The Federal Energy Regulatory Commission (FERC) denied requests for rehearing of its order authorizing construction and operation of the Atlantic Sunrise Project, which includes approximately 200 miles of interstate natural gas pipeline and related facilities in Pennsylvania, Maryland, Virginia, North Carolina, and South Carolina. Environmental and citizen groups had asserted that FERC failed to take greenhouse gas impacts into account in several ways; FERC rejected each of these arguments. FERC said the National Environmental Policy Act (NEPA) did not require it to consider indirect effects of induced gas production, including greenhouse gas emissions, because there was not a causal relationship between FERC’s action and additional production and, in any event, the scope of impacts from any such induced production was not reasonably foreseeable. FERC also found that it adequately considered the project’s downstream impacts on greenhouse gas emissions and climate change, noting that it had estimated the greenhouse gas emissions associated with combustion of the gas to be transported by the project as required by the D.C. Circuit in its decision regarding the Southeast Market Pipelines Project.

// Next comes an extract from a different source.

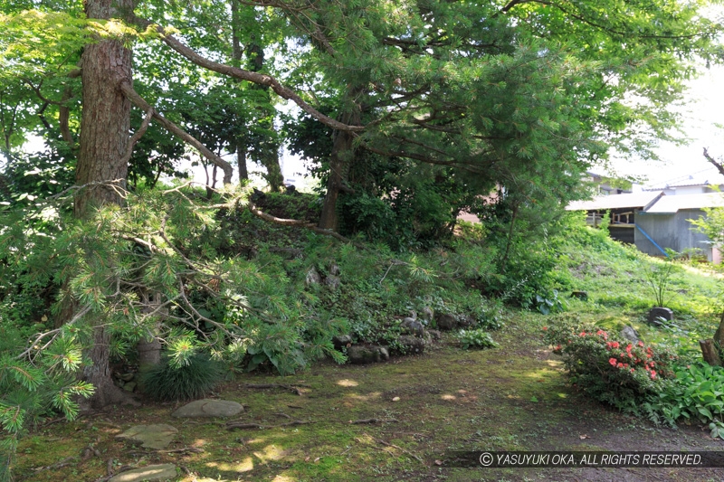「武家屋敷旧田村家」は、大野藩家老、田村又左衛門の屋敷で2015年から公開された。文政10年(1827)の大火の後に、矢村の農家を移築し、武家住宅に改築している。庭園の築山が大野城外堀の土塁で、ここにのみ残っている。武家屋敷旧田村家の駐車場からも土塁が見られるが、旧田村家に入ると綺麗に見られるぞ。城ファンには是非訪れてほしい場所だ。

FERC said it could not quantify possible effects the project would have on renewable energy production.
09/22/2017
Request
Amended request for rehearing filed.
Environmental groups filed an amended request for rehearing with FERC on September 22, 2017, arguing that a supplemental environmental impact statement analyzing greenhouse gas emissions and climate change impacts was required in light of the D.C. Circuit’s August 22, 2017 decision in Sierra Club v. FERC, No. 16-1329, which required FERC to do more to assess downstream greenhouse gas emissions and other climate impacts with respect to another pipeline project. The groups contended that the environmental review of the Atlantic Sunrise project had “impermissibly downplay[ed] cumulative climate impacts” as well as downstream greenhouse gas emissions and asserted that FERC was required to use the social cost of carbon to assess the project’s impacts and to analyze or explore mitigation for the project’s combustion impacts. The groups said FERC should halt construction and rescind a notice to proceed issued earlier in September.
08/31/2017
Decision
Stay denied.
FERC denied requests for a stay of its February 3, 2017 order authorizing construction and operation of the Atlantic Sunrise pipeline project. FERC said the parties requesting the stay had not established that they would suffer irreparable harm. FERC noted that it had yet to consider the merits of any requests for rehearing. Parties had argued that flaws in FERC’s review of the pipeline project included failure to address downstream greenhouse gas impacts.
02/24/2017
Request
Request for rehearing filed.
Two requests for rehearing filed with FERC asked the Commission to withdraw its order authorizing the Atlantic Sunrise natural gas pipeline expansion project and the final environmental impact statement for the project and to redo the environmental analysis and public convenience and necessity analysis in compliance with NEPA and the NGA. The Atlantic Sunrise project included approximately 200 miles of new pipeline, mostly in Pennsylvania, and related infrastructure in Pennsylvania and at other locations on the East Coast. One request for rehearing was filed by seven environmental and community organizations led by Allegheny Defense Project; the other request was filed by Accokeek, Mattawoman, Piscataway Creeks Communities Council Inc. The requests enumerated numerous alleged deficits in the environmental review, including a “fatally flawed” cumulative impacts analysis that “all but ignor[ed] the substantial impacts of Marcellus and Utica shale gas development and climate change” and a failure to adequately consider the project’s downstream impacts on greenhouse gas emissions and climate change.
Summary
Challenge to FERC approval of the Atlantic Sunrise natural gas pipeline expansion project in Pennsylvania and other locations on East Coast.